The influence of car body materials on vehicles: the car bodies of different materials and structures are basically the same in terms of service life, reliability, safety and so on. The main differences are as follows:
In the face of increasingly stringent energy conservation and emission reduction requirements, high-speed, energy-saving, safety, comfort and environmental protection have become the development direction in the field of transportation. As the key technology of green energy saving, lightweight will be the inevitable trend of the development of transportation equipment.
For rail transit, vehicles have important practical significance:
The reduction of vehicle weight can reduce the running resistance and save the energy needed for traction and braking.
Reduce the impact on the track, so as to reduce the wear of wheels and rails;
Reduce the maintenance cost of vehicles and tracks;
Directly reduce the materials used to build vehicles.
In people's impression, lightweight means to reduce the weight of the car body. Lightweight should be for the vehicle as a whole, all components, facilities, equipment and materials on the vehicle should be lightweight, just like the lightweight of the car body, and the cost and risk may be smaller. Vehicle lightweight should be comprehensively considered from the aspects of material lightweight, structure lightweight, new technology lightweight and so on.
The weight of the car body structure accounts for about 2030% of the whole vehicle, so the lightweight of the car body structure has a great contribution to the lightweight of the whole vehicle.
Application of composite materials
Taking the Japanese Shinkansen vehicle as the object, the large cross-section CFRP car body structure was trial-manufactured and the strength test was carried out. The length of the trial-produced car body is 6m. However, this technology requires several segments of the car body to be bolted or bonded together, and the stiffness of the connection position is poor, which can not meet the conditions of commercial operation.
French TGV train body structure is also a mixed material car body, similar to the Japanese technology, also due to poor stiffness can not meet the conditions of commercial operation.
The Swiss company Schindler Waggon adopts filament-wound rectangular control of railway passenger cars. Compared with the aluminum car body, the weight of the car body can be reduced by 20% to 25%.
The German company Adtranz has developed a kind of bus body with mixed structure of FRP and metal called Regio Shuttle. The car body adopts steel body frame. The phenolic FRP sandwich board is used as the car body plate, and the car body plate is fixed on the steel frame with special elastic adhesive.
Sweden's C20 FICA operated in Stockholm on July 16, 2003. Its side wall, floor and roof all adopt MPI foam sandwich stainless steel sandwich structure. The most representative and successful case is South Korea's TTX tilting train, which was put into commercial operation in 2010, with 6 sections, 4 movements and 2 tows, with a design speed of 200km per hour and an operating speed of 180km. The roof, side wall and end wall are formed with mixed materials, and the underframe is made of stainless steel. Compared with the stainless steel structure of the whole vehicle, the weight is reduced by about 39%.

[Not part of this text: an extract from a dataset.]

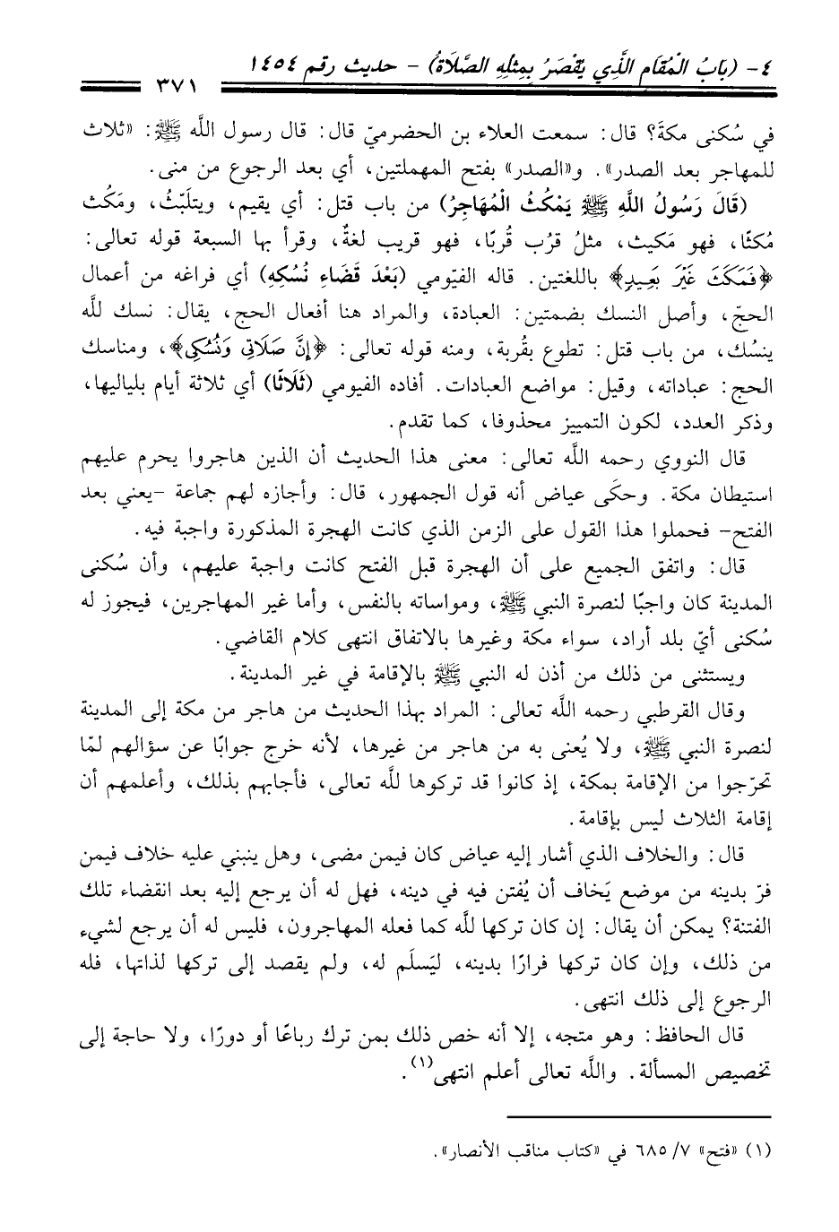 في سُكنى مكةَ؟ قال: سمعت العلاء بن الحضرميّ قال: قال رسول اللَّه - صلى اللَّه عليه وسلم -: "ثلاث للمهاجر بعد الصدر". و"الصدر" بفتح المهملتين، أي بعد الرجوع من مني.

The Application Direction of stainless Steel vehicles
At present, the domestic stainless steel roll bending part is a single plate thickness roll bending technology. If the roll bending technology with complex cross-section and variable cross-section can be developed, it will be of great help to the lightweight of car body structure.
Strengthen the fusion of stainless steel and composite materials. Develop a new structure of structural lightweight composite materials.